Michael Alexander takes Hugh Pincott – the first private car driver to cross the Tay Road Bridge on August 18, 1966 – on a trip down memory lane by recreating the crossing that took place 50 years ago today.
Dundee will be “beyond compare” with any city in Europe when the £1 billion waterfront development is complete, according to a former student who made history by becoming the first member of the public to cross the Tay Road Bridge 50 years ago.
Hugh Pincott, now aged 74, of Plymouth, was a chemistry student at Queen’s College, Dundee, when he made the crossing from Dundee to Fife on the day of the bridge’s official opening on August 18 1966.
The retired BP chemist has made dozens of return visits over the year to the city he regards as his “spiritual home”.
But he’s particularly pleased to be back in Dundee this week to mark the Tay Road Bridge’s 50th anniversary.
And he was delighted to take up The Courier’s offer of a drive across the bridge to recreate that moment 50 years ago when he made history in his 1957 Morris Minor 1000.
“It was beyond my wildest dreams and expectations to be the first to cross the bridge and it’s a day that has lived with me forever,” smiles Hugh as we set off from the modern day Gellatly Street car park to reach the point on Dock Street where Hugh started his adventure all those years ago.
“I always believed that like Everest the bridge was there to be climbed – or more accurately crossed. “Certainly my view was that if I was there on the spot, as I was in 1966, it would be a crying shame to let someone else get there first!”
Hugh, who studied in Dundee from 1960 until 1967, had been editor of the student newspaper when he was recruited by the then Courier editor to be a lineage man and photographer, reporting mainly on college affairs.
It was during this period that he took it upon himself to be the first across – although he kept his mission quiet from friends in case he failed.
After careful preparation, he waited on Dock Street from 9am on the day before the opening, August 17.
Over the course of the day he invited Jim Henderson of the Scottish Daily Mail, Jim Roberts of The Courier and Ken Wilkie, then assistant manager at the CMC cement depot, to join him on the journey.
He was lucky as a coin toss decided it would be the Dock Street queue, with him at the front that would go ahead of a second queue on Riverside Drive.
Green light
He was given the green light to move at 1.30pm – exactly an hour after the Queen Mother made the official opening.

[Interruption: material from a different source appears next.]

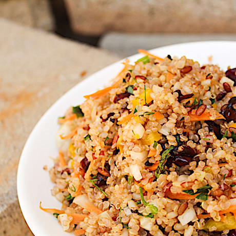 סלט קינואה עשיר עם ירקות קצוצים דק - בצל, מלפפון, גזר, ,פטרוזליה, שברי אגוזי מלך , חופן חמוציות - בתיבול לימון, שמן זית ומלח גס ויש לנו סלט שיכול להיות תוספת לכל ארוחה או כמנה עיקרית משביעה ובריאה לאוהבי הקינואה.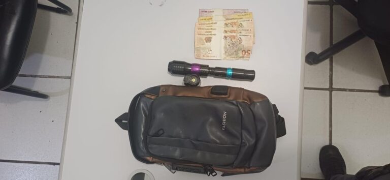 Em consulta aos sistemas policiais, os agentes constataram que o homem já era procurado pela Justiça e possuía mandado de prisão em aberto por roubo. Ele optou por permanecer em silêncio.

He was the first to pay his half Crown toll to cross with a Welsh dragon flag he borrowed from the Dundee Welsh Society draped over the car bonnet to honour his roots.
Noting that the bridge landfall road layout has changed dramatically since that day, Hugh smiles as we drive up to where the toll booths used to be and glide effortlessly across the bridge towards Fife.
“It took eight minutes to cross back then,” he laughs.
“Here on the left, I recall the old timber yards – McTavish and McAinsh I seem to remember. There was the jute importing docks. And down there was Caledon shipyards . In the very early days of course they were building whalers and trawlers. Now we see three oil rigs and wind power technology.
“But it was especially poignant looking ahead across the bridge. When I crossed it was completely clear. It was as if the region had been given a blank sheet to develop new opportunities.
“I remember seeing traffic coming the other way. Cars, lorries, wagons… It was a new beginning for commerce as much as anything.”
Hugh has enjoyed exploring Dundee this week with a bus pass – he doesn’t drive anymore. He’s full of questions about the former Law Tunnel which he visited decades ago and the changed skyline.
He’s been particularly impressed with V&A plans and thinks it is “wonderful” that the waterfront development will “re-connect” the city with the shore.
He’s also looking forward to catching up with old colleagues. Not only did he make history on the Tay Road Bridge 50 years ago this week. He also secured another first for the city when he received the first PhD from the newly formed Dundee University in 1968.